[Zope] Backing up Data.fs

Toby Dickenson tdickenson@geminidataloggers.com
Mon, 2 Jun 2003 14:07:55 +0100


On Monday 02 June 2003 12:48, Peter Sabaini wrote:
> Toby Dickenson wrote:
> > On Monday 02 June 2003 10:18, Peter Sabaini wrote:

> > Think
> > of backup as a database operation  -  this script has no ACID.
>
> please explain -- why would i need transactions and concurrency with a
> backup script?

Suppose this morning (Monday) the machine locks up (or power failure, or 
network loss if this is on a network mount, etc) immediately after this 
backup script has terminated. Some, but not all of the changes to 
/archive/monday/data.fs will have been written to disk, and some will have 
been lost. There is every chance that todays backup has been mashed together 
with the backup from last weeks monday in some arbitrarily confusing way. 
There is no new backup, and the old backup has been destroyed.

Sure, if this happens only once then this script leaves you with six other 
good daily copies. But during a disaster recovery is the worst possible time 
to have to be thinking about which "backup" directory contains a data.fs that 
has recently been destroyed by a non-transactional backup script. Sean Upton 
talks about disaster-prepardness here:
http://zope.nipltd.com/public/lists/zope-archive.nsf/AGByKey/6036CE8DFC2D3484

This "bug" can be fixed for FileStorage backup scripts, check out the link I 
posted earlier. The cost is in performance.

> > for local backups (like this script)
> > rsync
> > cant beat "cp".
>
> not that i have any numbers to back this up but i think that just
> copying the difference of two similar Data.fs's can be advantageous with
> large files -- of course this will really only make a difference if the
> backup is to a network mount or something like that.

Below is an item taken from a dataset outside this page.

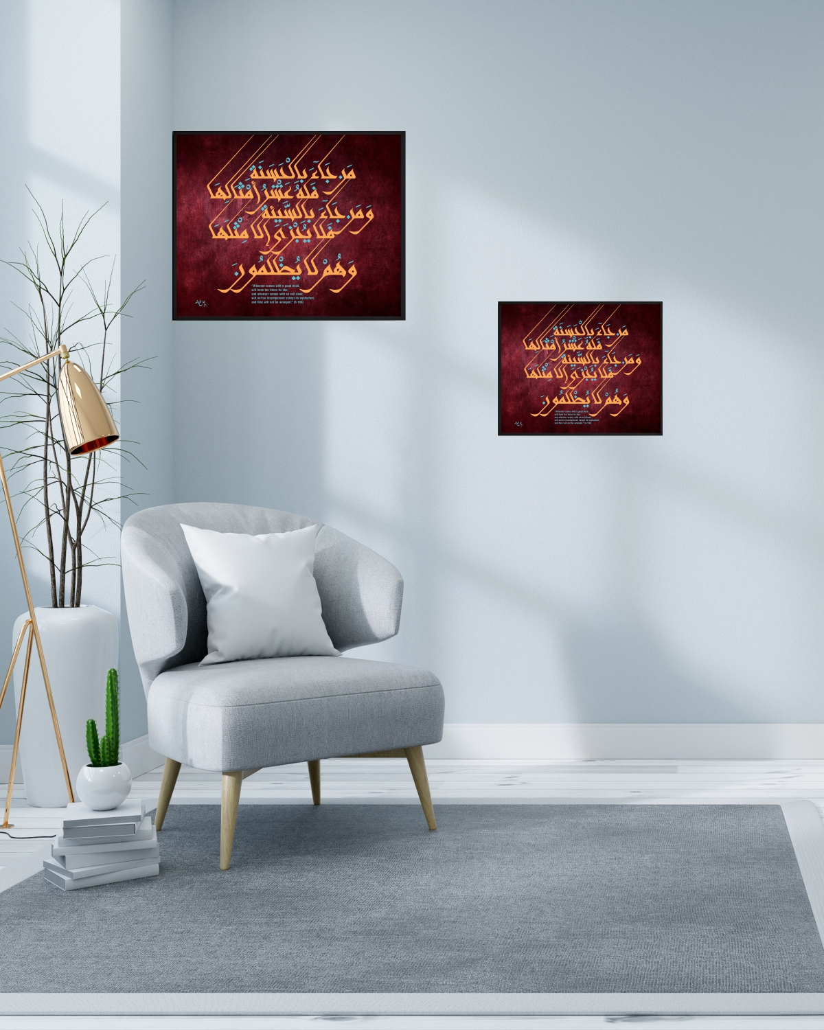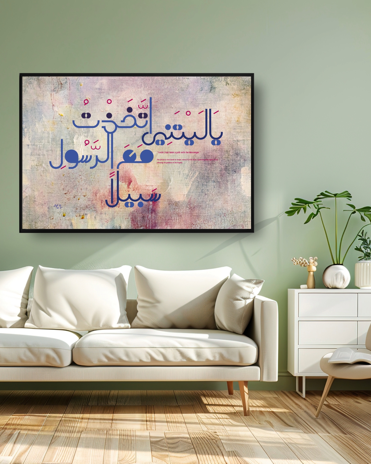 This stunning digital art piece by Riyad Ghosheh, available at rbarts.us, beautifully merges Arabic modern calligraphy with Islamic art, offering a powerful visual representation of trust in God and divine guidance. The artwork is inspired by the Quranic verses from Surah At-Talaq (65:2-3):

In the form used in that script, rsync has to read the whole of both the 
source file and orgininal version of the destination file, then write the 
changes. There is no way it can beat cp on network traffic when the 
destination is a network mount. It only has a chance of winning in I/O terms 
too if your archive is on something like raid5, where writes are very much 
more expensive than reads

rsync over ssh is different.

> > I strongly recommend DirectoryStorage if you want to keep daily backups
> > like this. It has a standard tool for creating local incremental backups
> > as tar files, or synchronising a remote replica of the storage. These 
> > tools are ACID, and efficient. Unlike all the home-brew FileStorage
> > schemes I have seen.
>
> DirectoryStorage sounds great if you have the requirements, but for
> simpler sites (or sites which host their data in an RDBMS anyway)
> FileStorage is just ok.

Sure. FileStorage is ideal for sites that either:
1. can afford the IO and storage costs of robust backup scripts like the one
   I posted a link to earlier.
2. can stick with manually scheduled backups, not automated backups.


-- 
Toby Dickenson
http://www.geminidataloggers.com/people/tdickenson